══ Given material ══
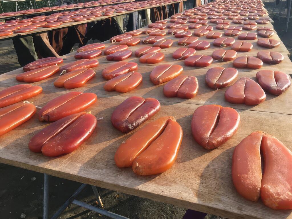 行經雲林口湖鄉街道,沿路可見一排排的烏魚子在做日光浴。每年10至12月的烏魚子採收季,大批攝影部隊前來此地取景,隱身巷弄的店家熟練地取出、洗淨烏魚子。都市長大的孩子,從沒見過金黃色、長條狀的新鮮烏魚子,覺得新奇,連我這個大人也大開眼界。漁民辛苦了一整年,誠心祈求上蒼保佑今年是個豐收年。
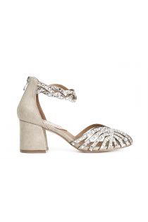 hinten geschlossene gitter-sandalen mit strassbesetztem dreieck taupe
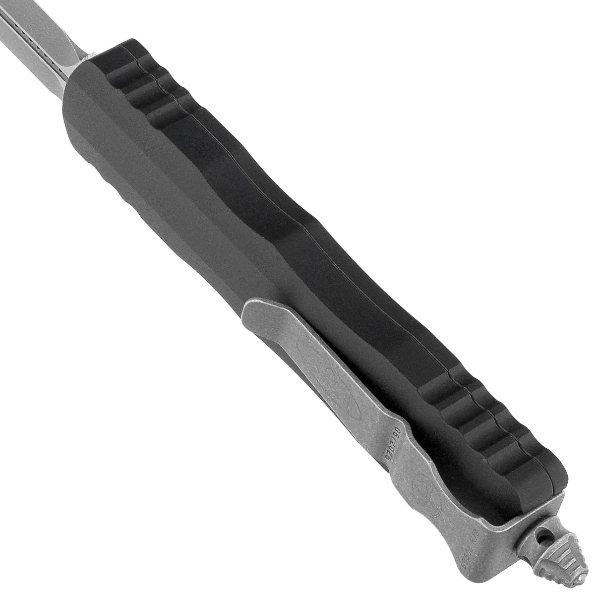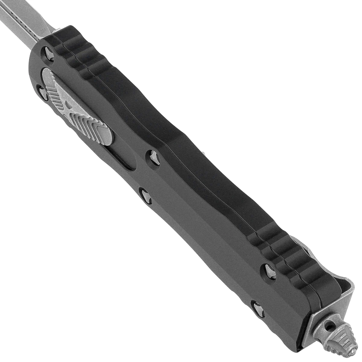 Dirac D/E Black Aluminum, Apocalyptic is a compact OTF automatic knife from the Dirac series. Operating in D/A mode, it features a hell of a fast blade extension mechanism. Slider button on the side of the handle. 100% made and assembled in the USA. Designed by Anthony Marfione, knifemaker and owner of Microtech Knives.
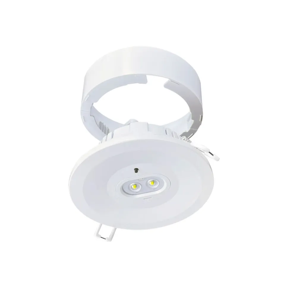 LED-nødlampe Schleswig ALS til indbygning og påbygning LED-nødlampen Schleswig ALS fra Ledino kan bruges både som påbygning og indbygning. Den påbyggede ramme er inkluderet. Armaturet leveres også med en udskiftelig linse, der skaber enten en rund eller oval lyskegle. Et udskifteligt litiumbatteri er integreret for pålidelig nødbelysning. Nødbelysningen har en standby-kontakt, hvilket betyder, at nødbelysningen kun tændes, når strømforsyningen til den generelle belysning svigter – Driftstid: 180 minutter – Slagfasthed IK05
═══
Directions for this task: Write out exactly the lines from the line that contains "Dirac D/E Black" through the end of the material, including both ends. No pictures belong in the copy.

Result:
 Dirac D/E Black Aluminum, Apocalyptic is a compact OTF automatic knife from the Dirac series. Operating in D/A mode, it features a hell of a fast blade extension mechanism. Slider button on the side of the handle. 100% made and assembled in the USA. Designed by Anthony Marfione, knifemaker and owner of Microtech Knives.
 LED-nødlampe Schleswig ALS til indbygning og påbygning LED-nødlampen Schleswig ALS fra Ledino kan bruges både som påbygning og indbygning. Den påbyggede ramme er inkluderet. Armaturet leveres også med en udskiftelig linse, der skaber enten en rund eller oval lyskegle. Et udskifteligt litiumbatteri er integreret for pålidelig nødbelysning. Nødbelysningen har en standby-kontakt, hvilket betyder, at nødbelysningen kun tændes, når strømforsyningen til den generelle belysning svigter – Driftstid: 180 minutter – Slagfasthed IK05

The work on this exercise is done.